元猟犬の棄て場・利根川河川敷で保護されたポインター お利口さんが見せた意外な執着と興奮 「すべてかわいい」と話す運命の人と出会った
群馬県内を流れる利根川の河川敷。ここは元猟犬の棄て場として知られ、やせ細ったワンコが過去何度も保護された場所です。
2024年2月、この河川敷で彷徨っていたイングリッシュ・ポインターのメス犬、サティ。後に群馬県動物愛護センターに収容されました。
■元猟犬らしく聞き分けの良い性格
実は2023年の同時期、保護団体のDelacroix Dog Ranch(以下、DDランチ)では全く同じような状況で収容されたイングリッシュ・ポインターのオスを引き出しており、サティとも顔がそっくり。同じ飼い主による遺棄で、きょうだいのようにも思われたサティを引き出すことにしました。
センターにいた頃のサティは、大きな体を檻の柵にぶつけ吠えていました。「大変な性格のワンコかも」と一定の覚悟をしたボランティアさんでした。

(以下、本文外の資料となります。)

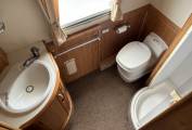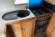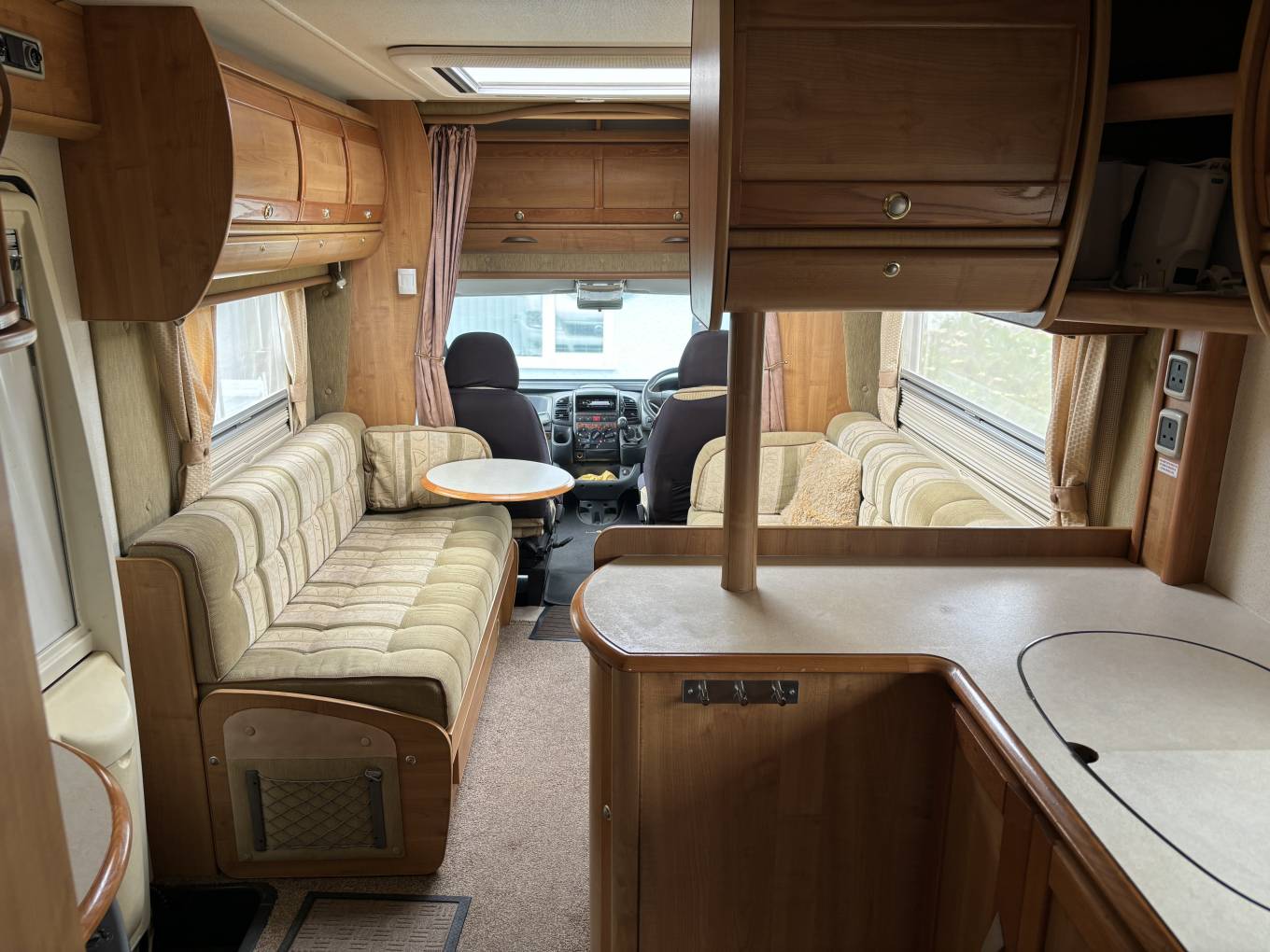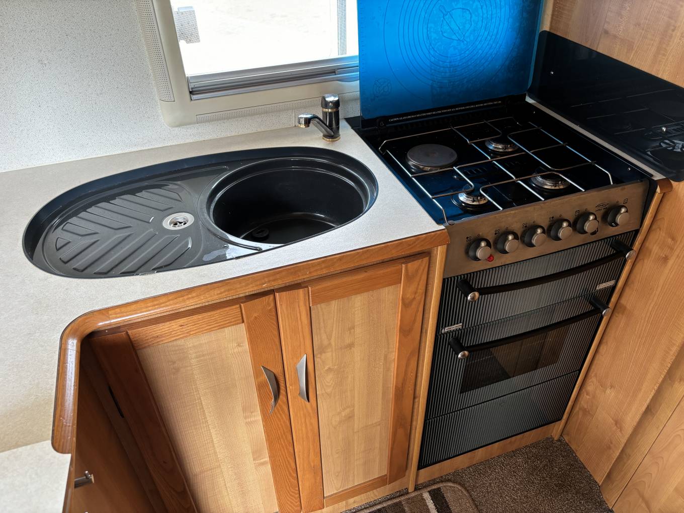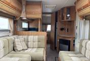 The living area is well laid out for plenty of space with a large end washroom with separate shower cubicle and a decent sized wardrobe. Further forward is the equally spacious kitchen area which is well kitted out with sink, 4 hobs, oven, grill, large fridge freezer and microwave. There are lots of cupboards and overhead lockers all around for plenty of storage too.

しかし、引き出し後に一変。人間に甘える素ぶりを見せる一方、元猟犬らしく聞き分けも良く、他のワンコとの協調性もバッチリ。控えめな一面も見せるお利口さんでした。
■「食べること」「散歩」に対する異常な執着と興奮
ただし、サティが異常に執着したり興奮する場面が2つほどありました。
1つめは「食べることへの異常な執着」。利根川の河川敷で飢えに苦しんだ経験から、食べることに対する執着があり、家の中にある食べ物のありかを熟知。エサをあげると、ものすごい気迫で慌てて食べるため、与え方に注意が必要でした。
もう1つが「散歩への異常な興奮」。ハーネスとリードを人間が手に持っただけで、うれしくて大暴れ。手に負えないほど暴れるため、散歩になかなか出かけられないことが度々ありました。
■優しい里親さんと出会い「ずっとのお家」を掴む
元猟犬らしく従順で控えめ、でもどこかオッチョコチョイなかわいさを持つサティにうれしい知らせが舞い込みました。「うちにおいで」と里親希望者さんから声がかかったのです。
トライアル時にも前述のような異常な執着や興奮を見せるサティでしたが、「その様子がかわいい」と優しい里親希望者さん寛大な心の持ち主でした。後に、この里親希望者さんの家がサティにとっての「ずっとのお家」となり、幸せな第二の犬生を歩んでいくことになりました。
現在、サティはこの家で穏やかに過ごし、相変わらずのお利口さんぶりとかわいすぎるオッチョコチョイぶりで家族を笑顔にしてくれています。これからの犬生は不安のない明るいものであり続けるでしょう。